“If We Were Villains”

A week ago I was having a bad time with two books. Funny how they turned out. One I gave really disliked and gave up on, the second – M.L.Rio’s “If We Were Villains” – I not only managed to see through to the end, but eventually ended up quite liking.

The original problem? After about fifty pages or so the book had alienated me, and for three reasons: one, it was very monotone and flat in style and without depth, clearly the work of someone young; two, the characters were unrealistic, especially in their persistent quoting of Shakespeare (the juvenile theme again); three, the main male character didn’t resonate as true and had clearly been written by a woman – opposite-sex first person narrative is really hard to do.

And I have two yardsticks. “Elmet” and “The Secret History”. The former is an example of what a brilliant young female novelist can achieve, and the latter – to which “Villains’ was openly compared in the book’s blurb – is simply in a different league.

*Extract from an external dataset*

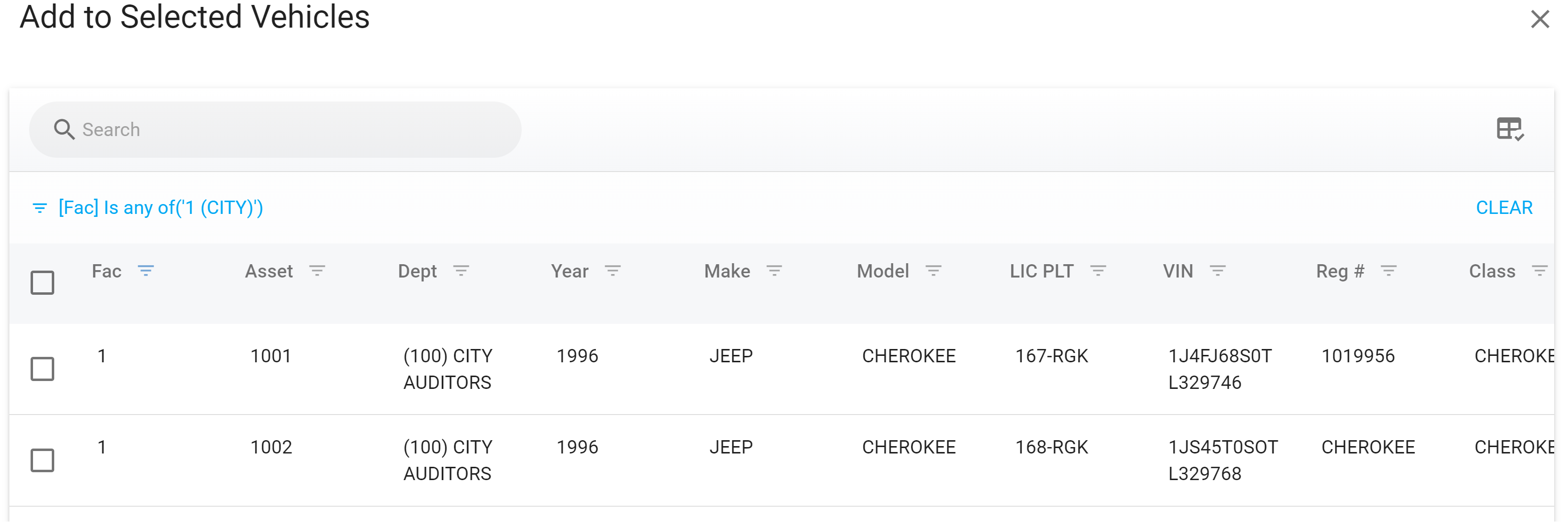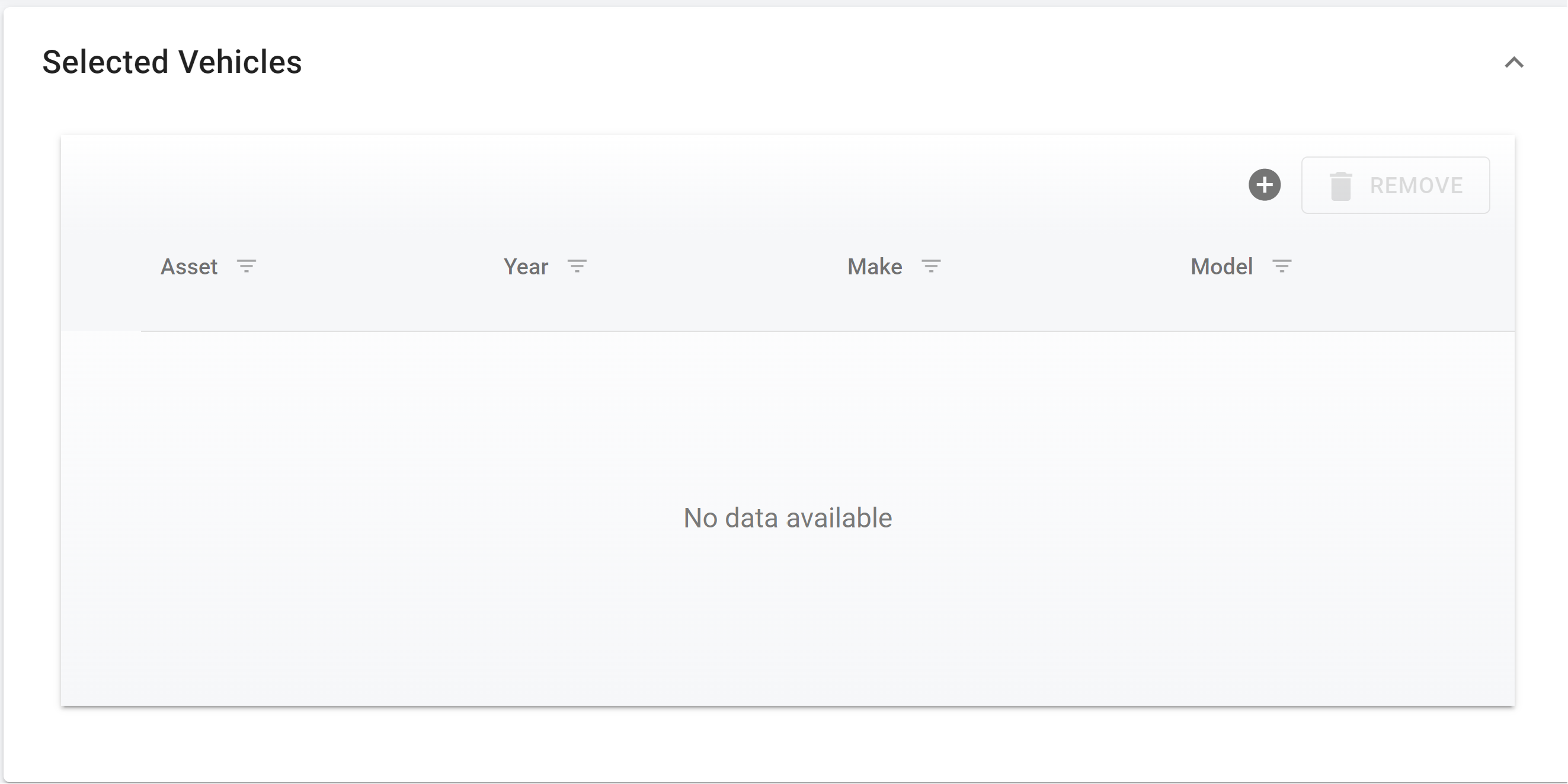 Click the plus button in the top right to get a list of available vehicles, assets and equipment

The parallel is understandable given the subject matter, but “Villains’ suffers in consequence.

So why did I carry on reading? Because I found that I wanted to find out what happened. The plot had a secret that I wanted to uncover; it was that simple. And the interesting thing was, as the book progressed, so the writing began to mature. If you read the first thirty pages and the last thirty, it wouldn’t surprise me if you thought they were by different people – or at least the same person with vastly different experiences. Maybe writing the book provided that experience; maybe it was intentional, to represent the ‘growing-up’ of the lead character. But I doubt it…

In any event, although it frustrated me greatly, gradually I grew to like “Villains”. Enough to recommend it? If you could only read one of the two from the genre, read Tartt’s “Secret History”…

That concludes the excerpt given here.